UpdateParameters(Vector<T>, Vector<T>)

Updates a vector of parameters using the AdamW optimization algorithm with decoupled weight decay.

public override Vector<T> UpdateParameters(Vector<T> parameters, Vector<T> gradient)

Parameters

parameters Vector<T>

The current parameter vector to be updated.

gradient Vector<T>

The gradient vector corresponding to the parameters.

Returns

Vector<T>

The updated parameter vector.

UpdateParametersGpu(IGpuBuffer, IGpuBuffer, int, IDirectGpuBackend)

Updates parameters on the GPU using the AdamW kernel.

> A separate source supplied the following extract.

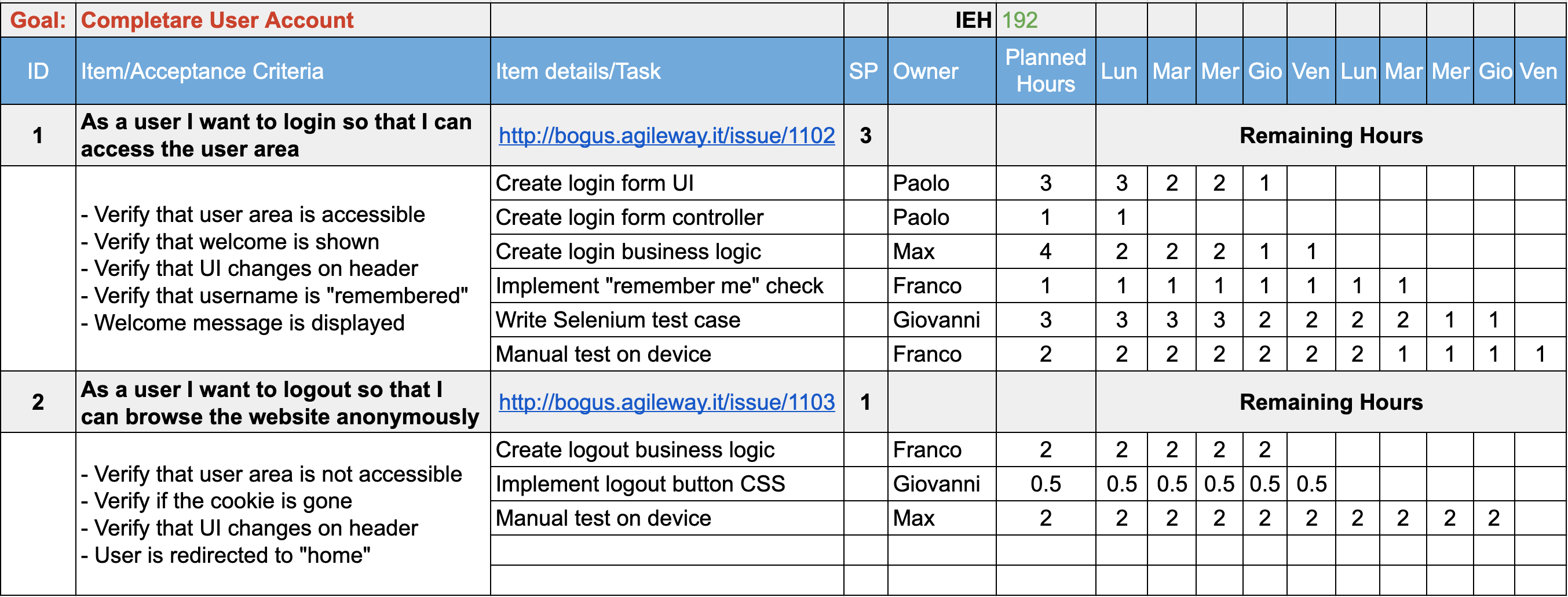 Un organizzazione simile crea solo confusione, perché chi si trova a dover aggiornare le ore, sopratutto se sta realizzando storie condivise da piu componenti del team di sviluppo, non ha idea di cosa aggiornare e cosa è stato aggiornato. Si risolve creando una colonna “nome sviluppatore” e duplicando le righe dei task (qualora condivisi) per il numero dei partecipanti allo sviluppo dello stesso.

public override void UpdateParametersGpu(IGpuBuffer parameters, IGpuBuffer gradients, int parameterCount, IDirectGpuBackend backend)

Parameters

parameters IGpuBuffer
gradients IGpuBuffer
parameterCount int
backend IDirectGpuBackend

UpdateSolution(IFullModel<T, TInput, TOutput>, Vector<T>)

Updates the current solution using the AdamW update rule with decoupled weight decay.

protected override IFullModel<T, TInput, TOutput> UpdateSolution(IFullModel<T, TInput, TOutput> currentSolution, Vector<T> gradient)

Parameters

currentSolution IFullModel<T, TInput, TOutput>

The current solution being optimized.

gradient Vector<T>

The calculated gradient for the current solution.

Returns

IFullModel<T, TInput, TOutput>

A new solution with updated parameters.